US3 — incremental release (POST /hooks/{name}/releases): mints vN+1 (201) or returns the existing release on a duplicate digest (200, idempotent), advancing live without touching the convention. Catalog/history/detail reads: GET /hooks, GET /hooks/{name}/releases[/{version}].

US4 — rollback (PUT /hooks/{name}/live): repoints live to a prior release; history and already-produced rows' provenance are preserved.

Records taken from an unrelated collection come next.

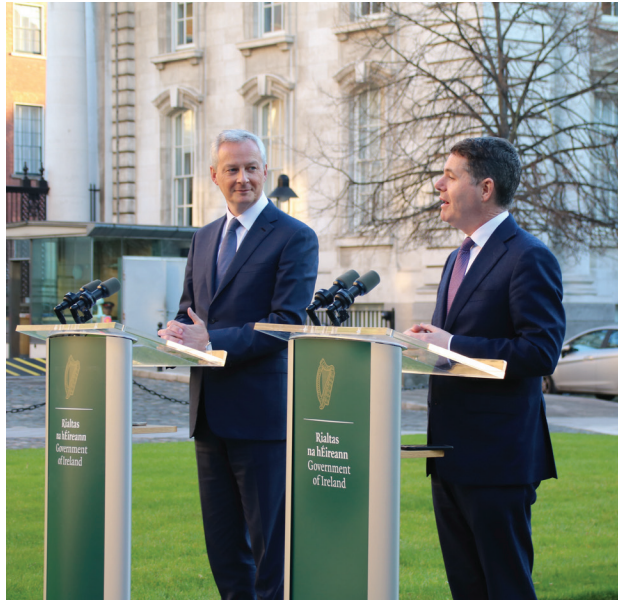
The Minister for Finance Paschal Donohoe and his French counterpart, Bruno Le Maire, in Dublin, February 2019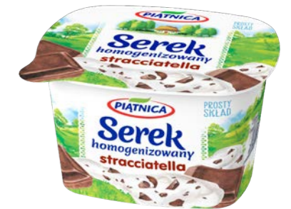
Stracciatella Fromage Frais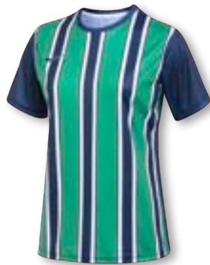
NEW NIKE DF US DIGITAL 24 JERSEY 60D DR2730 Page 26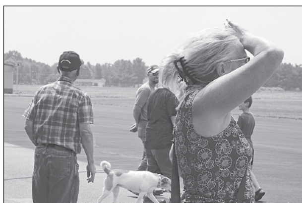
All eyes were on the sky at and around the Merrill airport on Sunday as planes dropped altitude to cross the finish line in the EAA AirVenture Cup Race.

An airplane flies over the Merrill Airport. This entry in the race was a traditional style aircraft.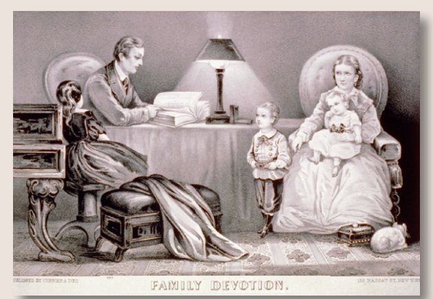
An 1871 illustration, "Family Devotion," shows a husband at his studies and his wife caring for the children.

were routinely disparaged as "unnatural" and "unfeminine." When women finally won the right to vote in 1920, the Cult of Domesticity was in decline, but it rose again in the 1950's as television resurrected its values by portraying the "ideal" family as a working father, stay-at-home mother, and several kids. Nowadays we celebrate many different kinds of families, though certain conservative ideas about the place and role of women persist.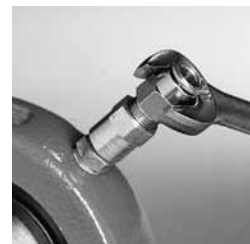
4. Then thread a Quicklinc completely into the Zerk-Lock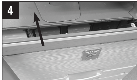
4. Close the toner cartridge access cover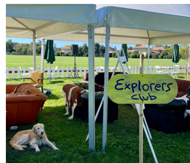
Explorers Tent @ genevapolo.com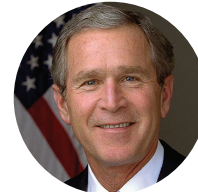
George W. Bush The 43 rd President of the United States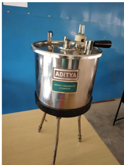
Fig 13: Saybolt Viscometer apparatus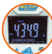
6000 Count Backlit Negative Colour Display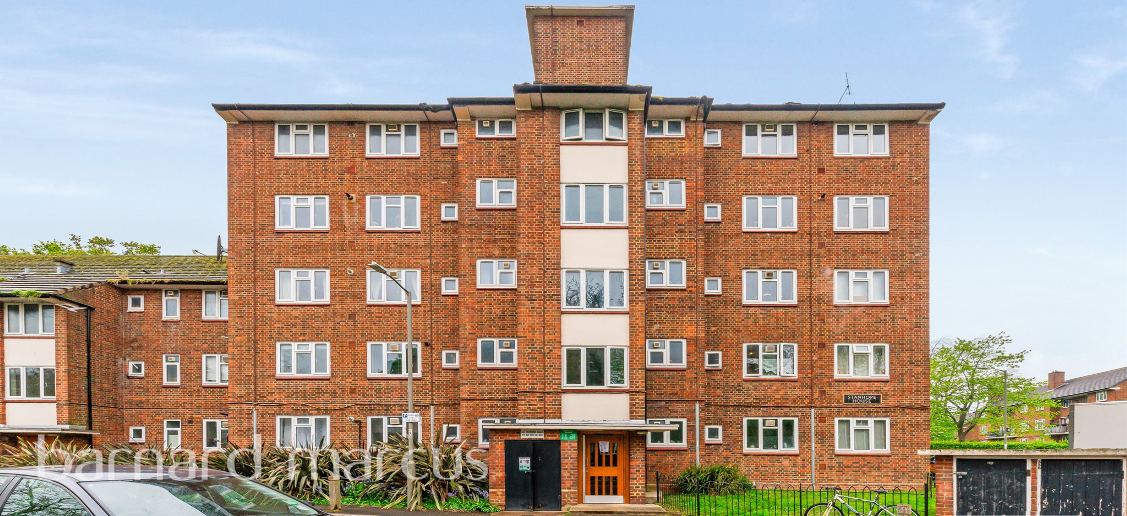
Stanhope House, Whitnell Way, London, SW15 6BY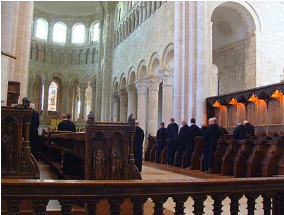
Benedictine monks singing Psalms during a short service at St-Benoit-sur-Loire

Today a community of approximately 40 monks resides within its walls. They still follow the Rule of St Benedict, and sing Gregorian chants during some of their short services, one of which we plan to attend. You may participate in prayer services with them if you like. There are 6 different services each day, some very short (as short as 15 minutes), and also longer ones (as long as 75 minutes). Sometimes they sing the psalms, and sometimes the very old Gregorian chants. In any case, your singing along is optional!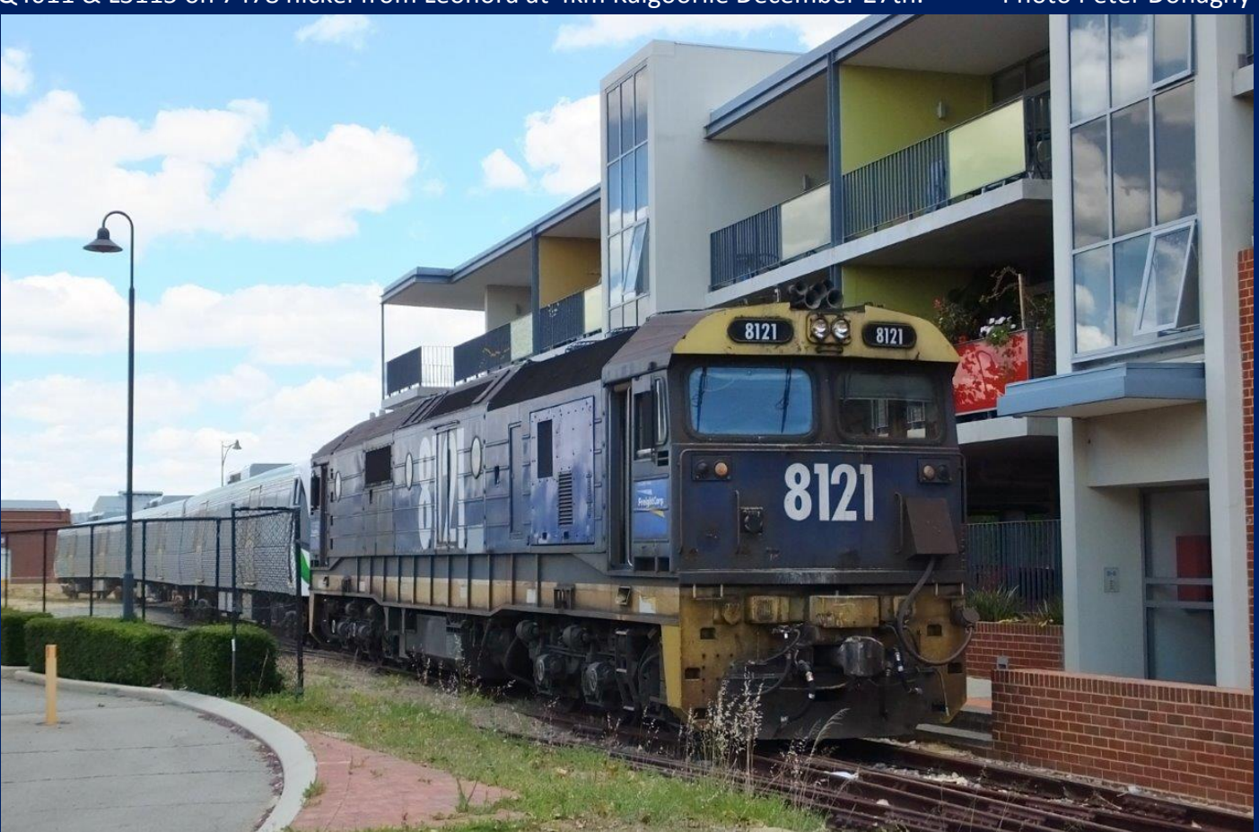
8121 pushing new Transperth EMU set into old workshops Midland December 22nd. END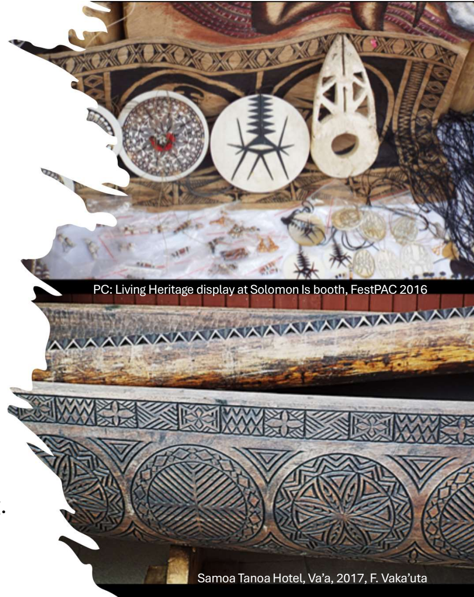
PC: Living Heritage display at Solomon Is booth, FestPAC 2016

US5 — scoped M2M credentials: optional second JWT issuer (auth.extra_issuer) with iss-routed verification (RS256/EdDSA). Principal gains scopes + has_scope; new RequiresScope gate (scope OR ADMIN) wired into the command/query auth metaclasses, startup validation, and identity resolution. Deploy → conventions:write; release/live → hooks:write (ADMIN still accepted). The primary HS256 path is byte-identical when no second issuer is configured.

Testing

TDD throughout. 1155 unit + 7 contract + 120 integration tests pass; ruff and ty check osa clean. New this PR: handler/gate/token unit tests, DB-free hook contract tests, and centralized error-mapping unit tests. The integration suite exercises the registry adapter, migration, and provenance chain against real Postgres.

Notes

  • Pre-launch: forward-only schema, no data backfill.
  • Out of scope (deferred, per spec): reconciliation, reproducible export/snapshot identity, tamper-evidence/signing.

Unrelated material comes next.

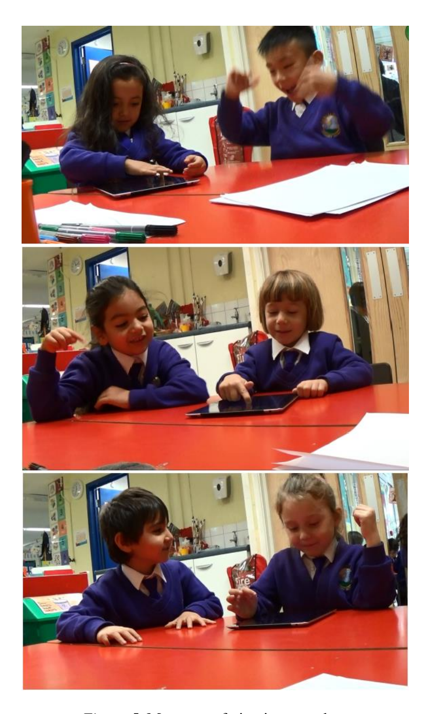
Figure 5. Moments of vicarious touch

Pathways to representation. Although the instructions for the game of Squiggle explicitly indicate that participants should develop a representation through their collaborative efforts, how representations featured (or did not feature) varied considerably between episodes. The rules of the game were broken in both drawings on paper and on the iPad, but in different ways. Drawings on paper were characterised by a more linear development of representation, and the rules of Squiggle were typically violated when the first participant created a fully-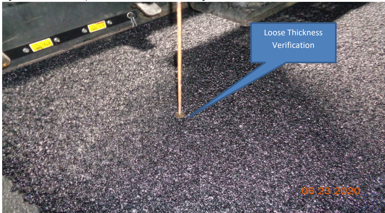
Figure 6: Stone Matrix Asphalt 12.5 MM Surface Course along Westfield Avenue between STA 133+64 – 109+50.

rorybyrne and others added 8 commits June 13, 2026 18:24
WIP checkpoint. Foundational + US1 (bundled deploy) + US2 (per-row provenance)
production layer for hook versioning. Production type-checks clean; new unit
tests pass. Existing test fixtures not yet migrated (suite red); Alembic
migration and US3/US4/US5 endpoints pending.

- Split HookDefinition -> HookIdentity (name+feature); runtime+source_ref move
  to the immutable, integer-versioned HookRelease entity.
- New validation-domain registry: Hook/HookRelease/HookRun; HookRegistry port +
  Postgres adapter (row-locked gap-free versions, idempotent-on-digest releases,
  live-pointer advance/rollback, resolve_live snapshot, append-only hook_runs).
- Tables hooks/hook_releases/hook_runs; features.* gain run_id; conventions PK
  srn->id; records convention_srn->convention_id.
- ConventionSRN -> ConventionId across deposition/record/ingest/curation/
  validation; conventions reference hooks by name; transactional bundled
  POST /conventions deploy fan-out.
- Provenance: resolve-at-run-start snapshot; one hook_run per hook per batch;
  run_id threaded through ingest and deposition feature-insert paths; runners
  take (identity, release).

Co-Authored-By: Claude Fable 5 <noreply@anthropic.com>
Drop hook_run_ids pass-through from ValidationCompleted, DepositionApproved,
RecordDraft, RecordPublished, HookBatchCompleted, IngestBatchPublished — it was
tramp data riding through curation/record handlers that don't use it.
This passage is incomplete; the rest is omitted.